Various forms of chronic hepatic disease can cause hepatic stellate cell (HSC) activation and induce liver fibrosis, an early step in the progression of liver cirrhosis, which can eventually develop into hepatocellular carcinoma. Notably, these types of hepatic disease are considered a major global health concern (1). Liver fibrosis is a common pathological process, which can eventually lead to liver failure (2). Liver fibrosis is defined as the remodeling and excessive deposition of extracellular matrix (ECM) proteins in the liver (3). The activation of HSC is an important event in the process of liver fibrosis (4). Activated HSCs are commonly regarded as major producers of fibrotic ECM proteins (5), which include collagen type I and fibronectin. Transforming growth factor β1 (TGFβ1) is known as the strongest effector in liver fibrosis, which acts as a major pro-fibrotic cytokine, promoting fibroblast recruitment, proliferation and differentiation into ECM-producing myofibroblasts (6). There are several known signaling pathways involved in the progression of liver fibrosis. TGFβ1 induces liver fibrosis through Smad-dependent and Smad-independent pathways (7), which includes the TGFβ1/ERK1/2 signaling pathway (8). The ERK1/2 pathway has been reported to be important in HSC proliferation and activation via crosstalk with other signaling pathways (9). Notably, a previous study indicated that inhibition of the ERK1/2 signaling pathway enhanced liver fibrosis in rats (10). In addition, it has been demonstrated that the progression of liver fibrosis is reversible (11–14). There are several therapeutic agents, including Orlistat, Metformin and Candesartan, typically used for anti-fibrotic therapy (15,16). However, the major limitation is the lack of effective treatment strategies for liver fibrosis (17,18). Therefore, novel and effective therapeutic targets are required for the treatment of liver fibrosis.
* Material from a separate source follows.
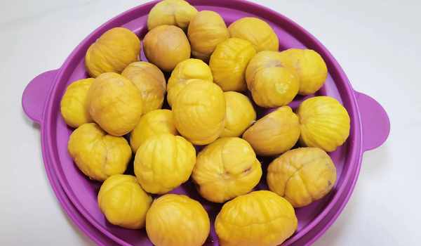 1.新鮮板栗清洗幹凈,用刀劃傷十字刀,冷水下鍋,煮開,再煮一兩分鐘,撈出,趁熱剝殼,剝皮。

Puerarin is a Chinese herb, which is known to possess several physiological activities, including anti-oxidative and anti-inflammatory activity (19,20). Puerarin has been widely used in the treatment of various diseases, including ischemic stroke (21), renal fibrosis (22), myocardial ischemia and hypertension (23). In addition, puerarin is also considered to have a therapeutic effect in liver fibrosis. Previous studies have demonstrated that puerarin can attenuate liver fibrosis by regulating the expression of TGFβ1 and inhibiting tumor necrosis factor-α (TNF-α)/nuclear factor κB subunit 1 (NF-κB) (24), phosphatidylinositol-4,5-bisphosphate 3-kinase (PI3K)/Akt (25) and TGFβ1/Smad (26) signaling pathways. However, whether puerarin reduces liver fibrosis via the ERK1/2 signaling pathway to inhibit the activation of HSCs and excessive collagen deposition in liver fibrosis remains unknown.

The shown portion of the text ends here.